Billy Bob Thornton  (AP Photo/Jeanne Louise Bulliard).

Billy Bob Thornton (AP Photo/Jeanne Louise Bulliard).

IT’S no surprise that in an industry full of eccentricity, Billy Bob Thornton has emerged as Hollywood’s leading oddball. And it doesn’t bother him in the slightest.

Thornton is as well known for his quirks and phobias, including his paralysing fear of Komodo dragons, as he is for his big-screen performances.

An over achiever, he is an Oscar-winning screenwriter, and an accomplished musician and songwriter, who tours with his band, The Boxmasters. He wrote the script for the 1996 indie flick Sling Blade, which he also directed and starred in, and which proved to be his entry ticket to A-list Hollywood.
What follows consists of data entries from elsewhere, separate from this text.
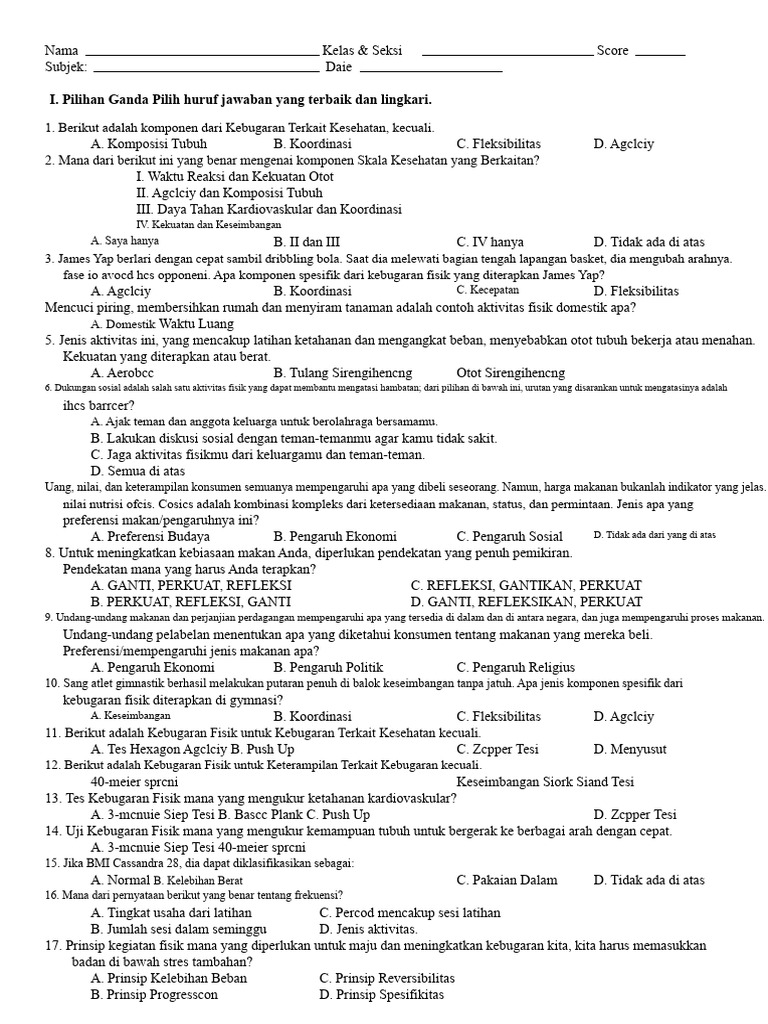 18. Berjalan, menari, lunges, berjalan cepat, squat dan plank adalah contoh dari prinsip FITT apa?
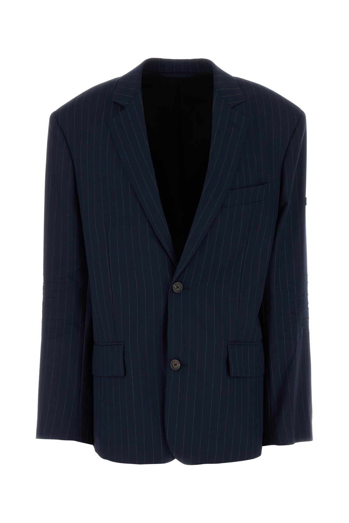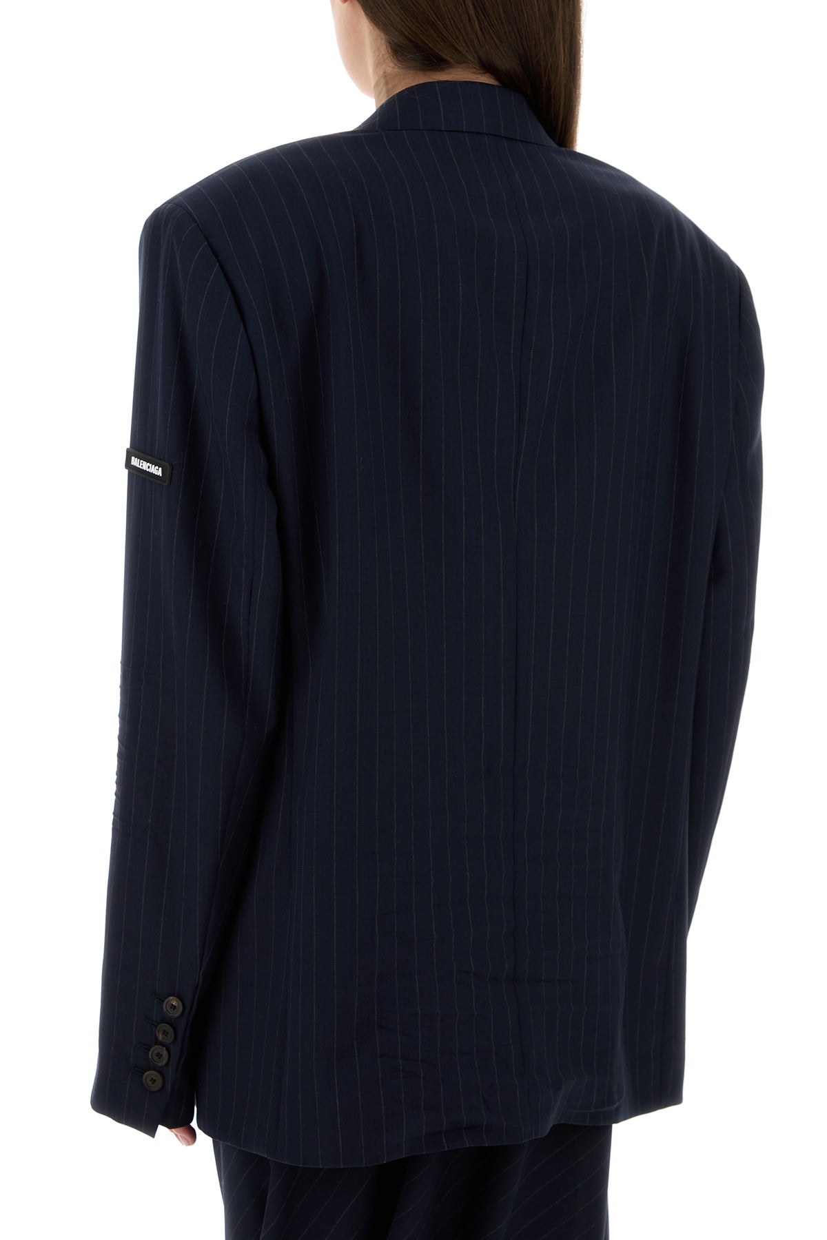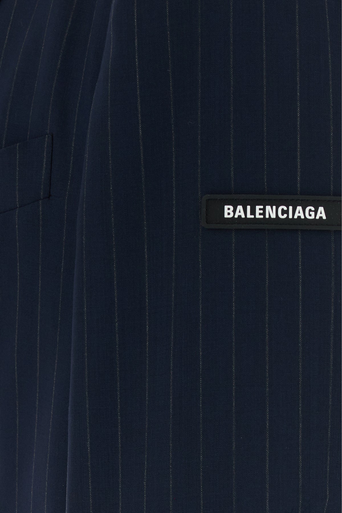 Blazer realized in pure wool characterized by pin-striped embroidery on the entire surface enriched by rubbered Balenciaga patch on the sleeve.
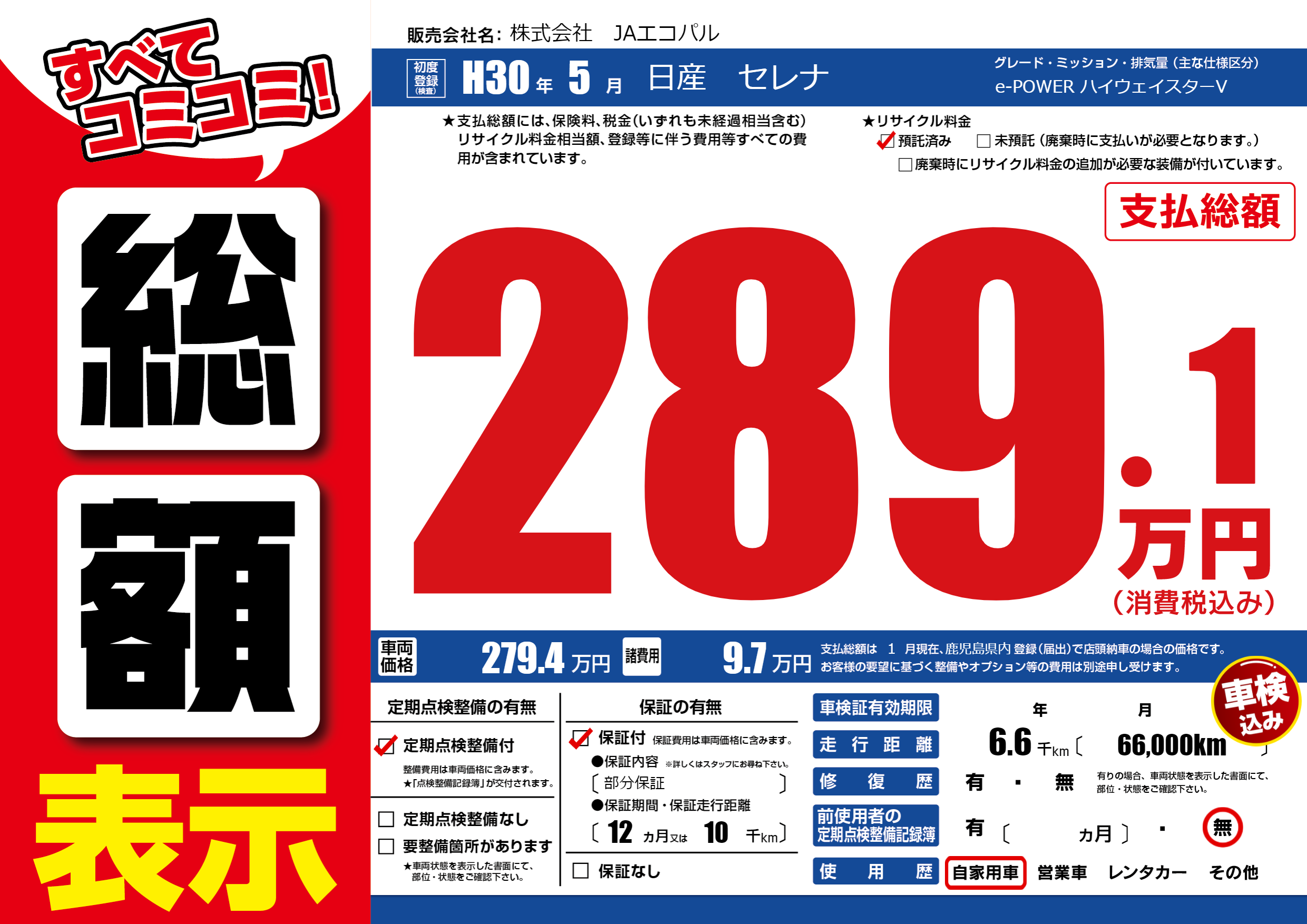 | 定期点検整備 | 定期点検整備あり | ||

And Thornton can now add author to his CV after the publication of his memoirs, The Billy Bob Tapes: A Cave Full of Ghosts, which recounts an array of colourful industry yarns penned with his good friend, Kinky Friedman, and told as if he’s sitting in a roomful of old pals with a crate of beer.

This self-confessed hillbilly’s real-life persona is as large as his onscreen characters.
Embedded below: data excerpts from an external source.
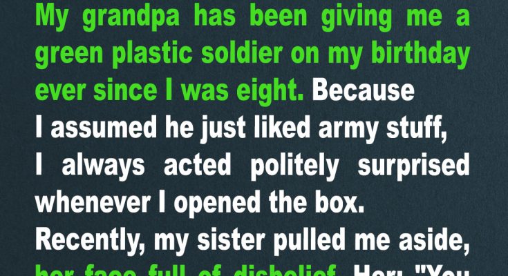 My grandfather gave me a single green plastic soldier every year on my birthday, never with a card or explanation. It wasn’t until after he passed that I discovered those tiny toys were part of a mystery for nearly two decades, just for me!
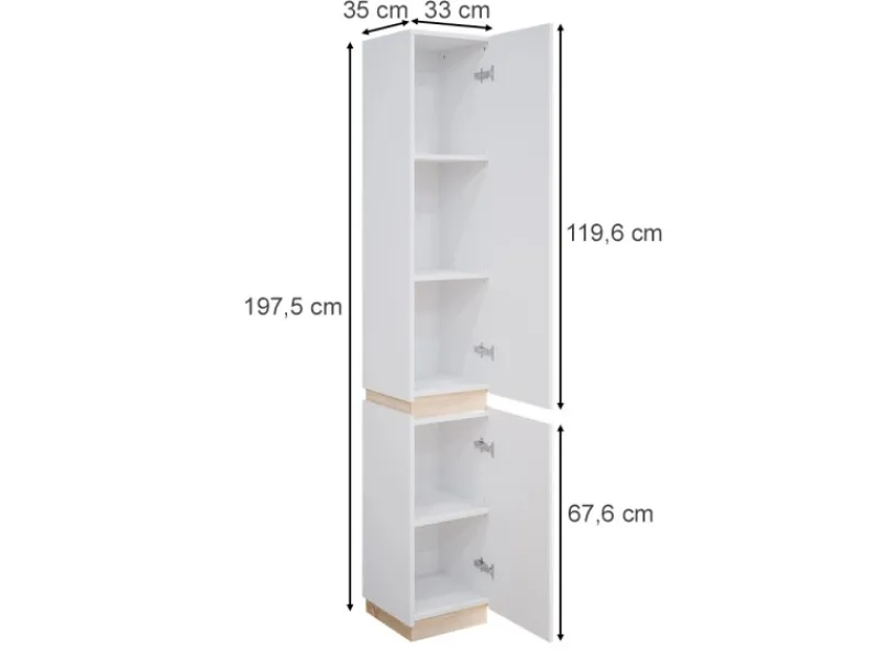 Wäscheschrank hat folgende Abmessungen: Breite: 33 Höhe: 197,5 Tiefe: 35
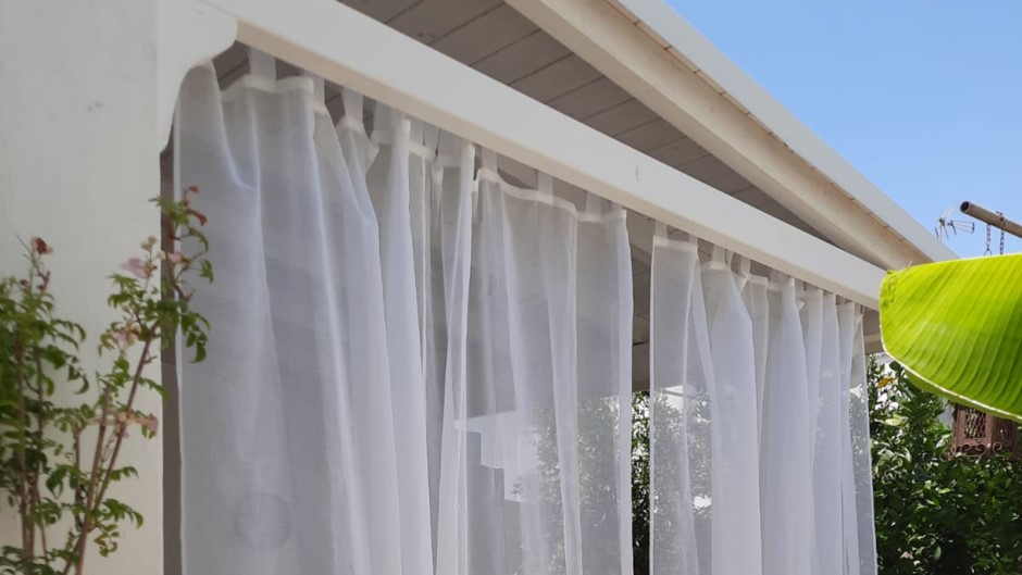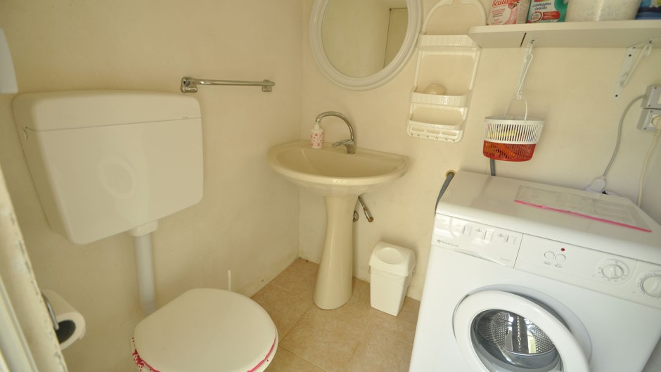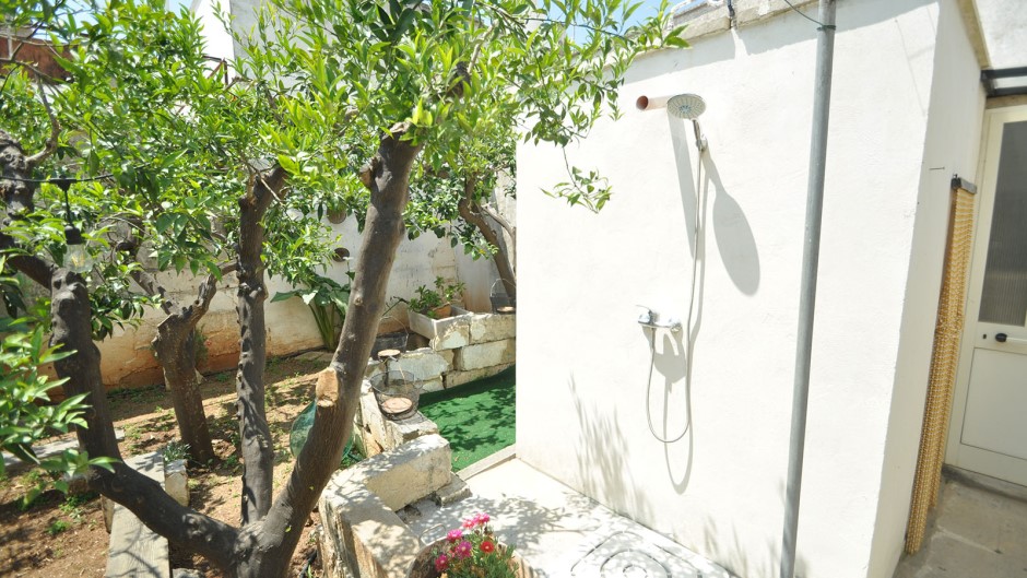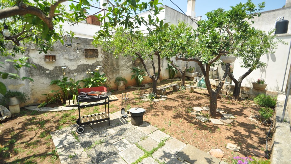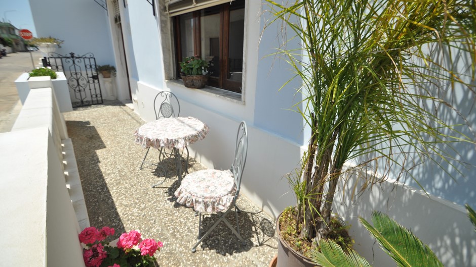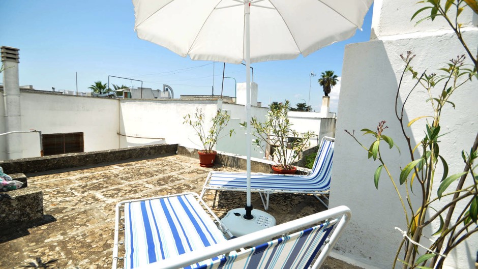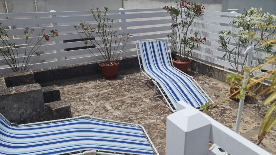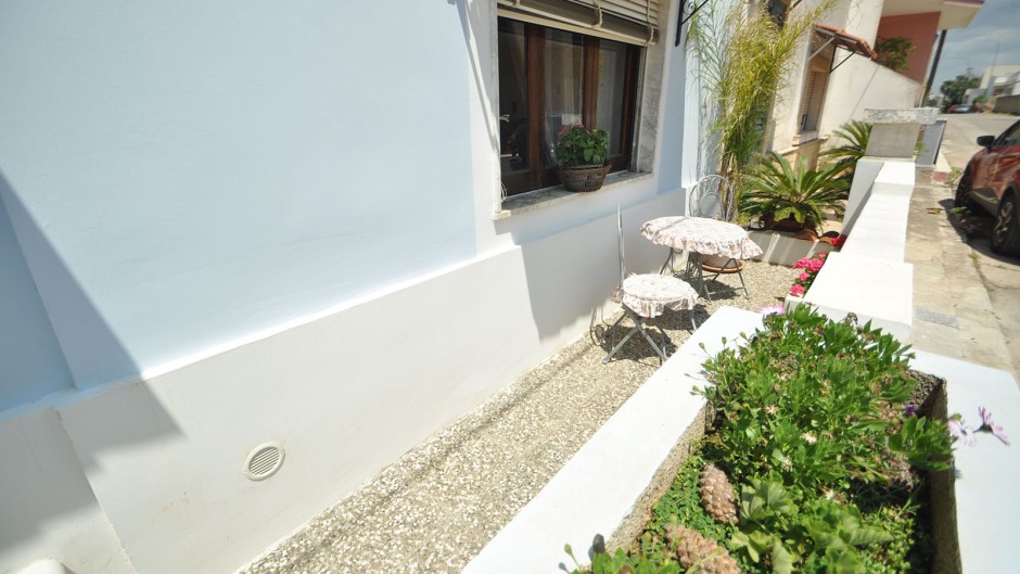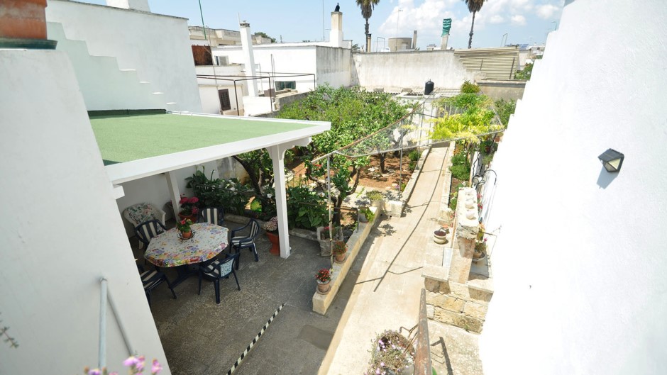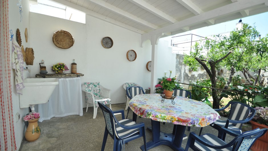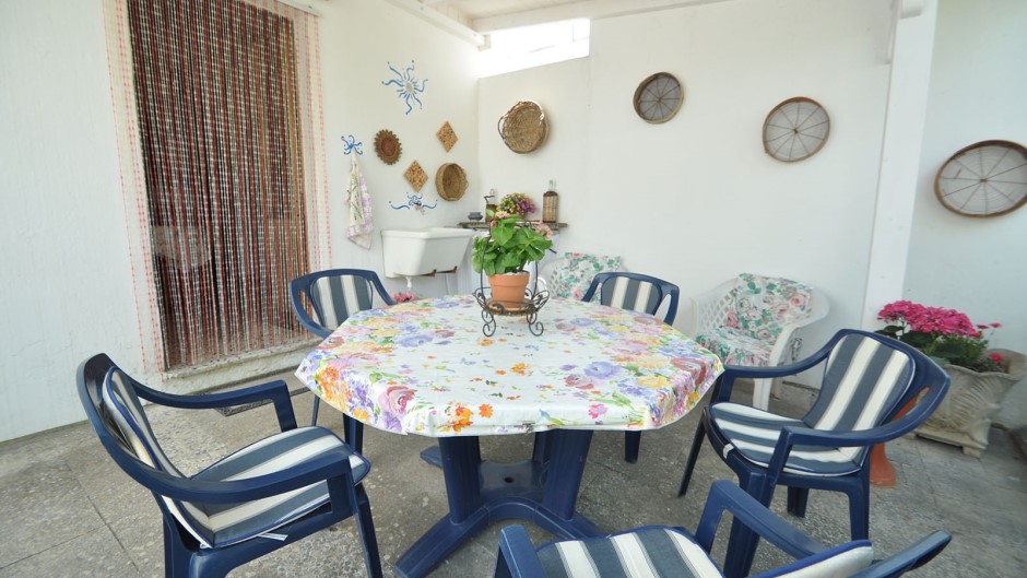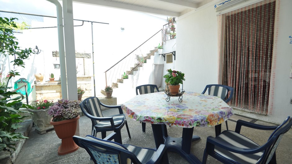 L'appartamento dispone di una veranda posteriore con uno spazio esterno attrezzato con mobili da giardino. Inoltre, c'è un giardino con alberi di arancio, panchine e sdraio per prendere il sole nel solarium presente sul terrazzo. Alla fine del giardino, all'interno del secondo bagno di servizio, è presente lavanderia con lavatrice.

Thornton possesses plenty of humility and a chameleon-like ability which enables him to transform himself effortlessly from one role to another. For example he whittled his weight down to just over nine stone for his role in Pushing Tin. He says he ate nothing but a can of tuna and a packet of liquorice every day for three months.

“I’m 6ft tall and looking back, I know that wasn’t healthy or very smart, and I had probably had some sort of eating disorder,” he says. At the other end of the spectrum, he once put on three and half stone to play a mechanic in the Oliver Stone film, U Turn with Jennifer Lopez.
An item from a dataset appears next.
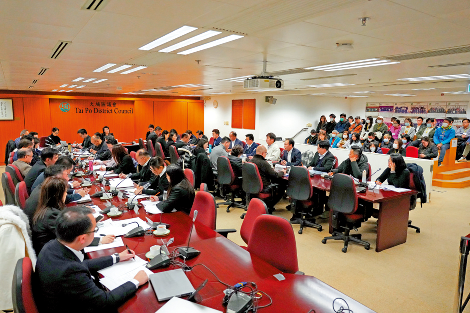 大埔區議會會議開始前,全體肅立默哀一分鐘,哀悼宏福苑火災遇難者。過半數區議員發言表達意見,之後由房屋署、運輸署、社會福利署、警務處等政府部門代表回應。
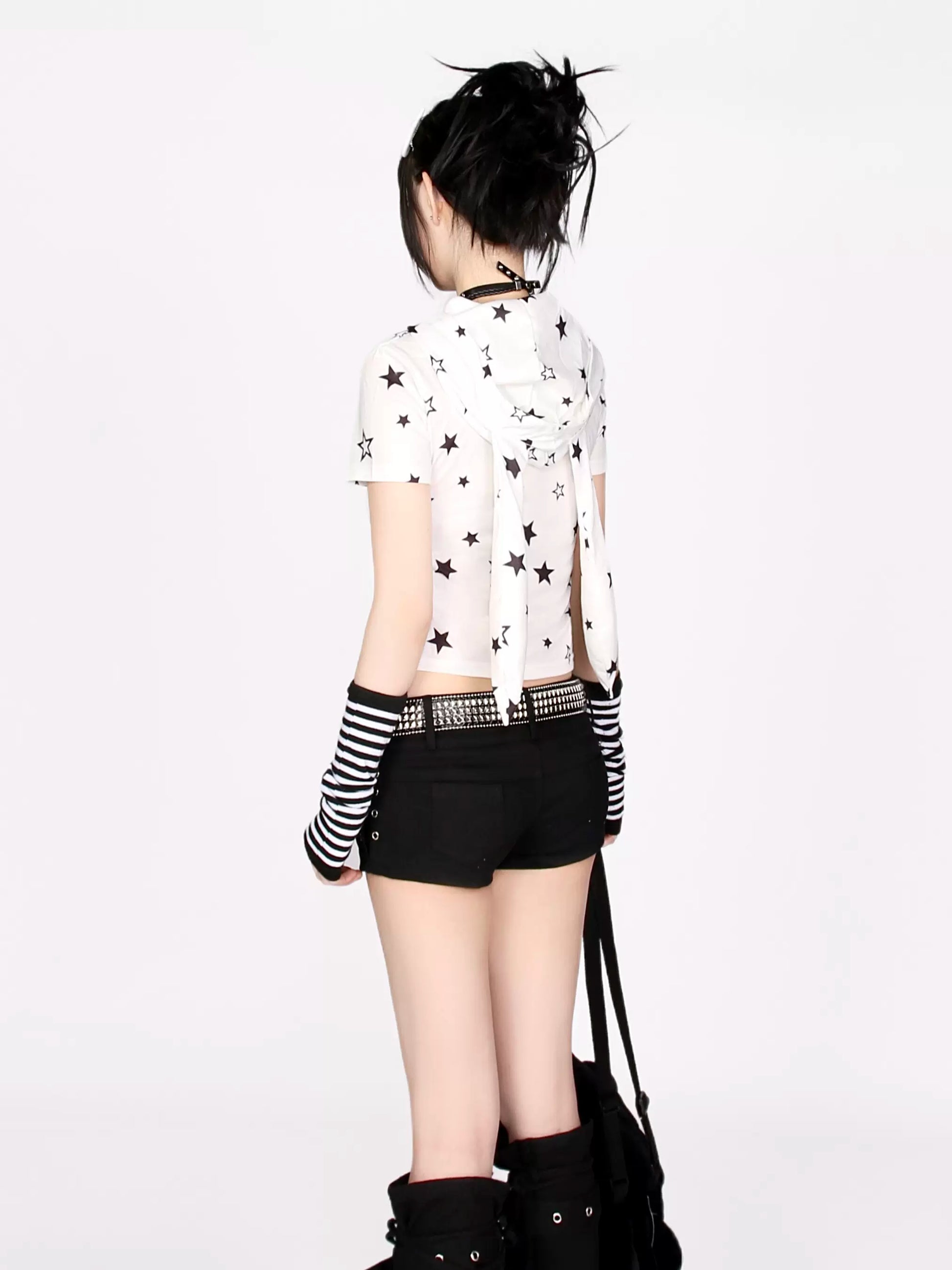 This adorable Rabbit Print and T-shirt Foodie features cute star ears and a cropped design. Perfect for any food lover, this top will add a playful touch to any outfit.

These days Billy Bob looks the picture of health, although still slight in frame, his face appears considerably more youthful than his 56 years. His jaw is strong, his eyes intense and he sports a small tuft of hair on his chin giving him a rockabilly appearance.

Refreshingly candid, he is very honest about his OCD (Obsessive Compulsive Disorder) tendencies; his endless list of superstitions; his agoraphobia, the loves of his life including his romance with Angelina Jolie and his strange array of phobias which he claims have been blown out of all proportion in the media over the years. His fears range from the incredibly specific – Komodo dragons, French antique furniture, silver cutlery, and numerology – to more common concerns such as a fear of flying, which he says has prevented him from taking certain roles; to an OCD attack when he drove around a restaurant seven times before entering. “It’s not the driving, it’s the number seven,” he offers helpfully.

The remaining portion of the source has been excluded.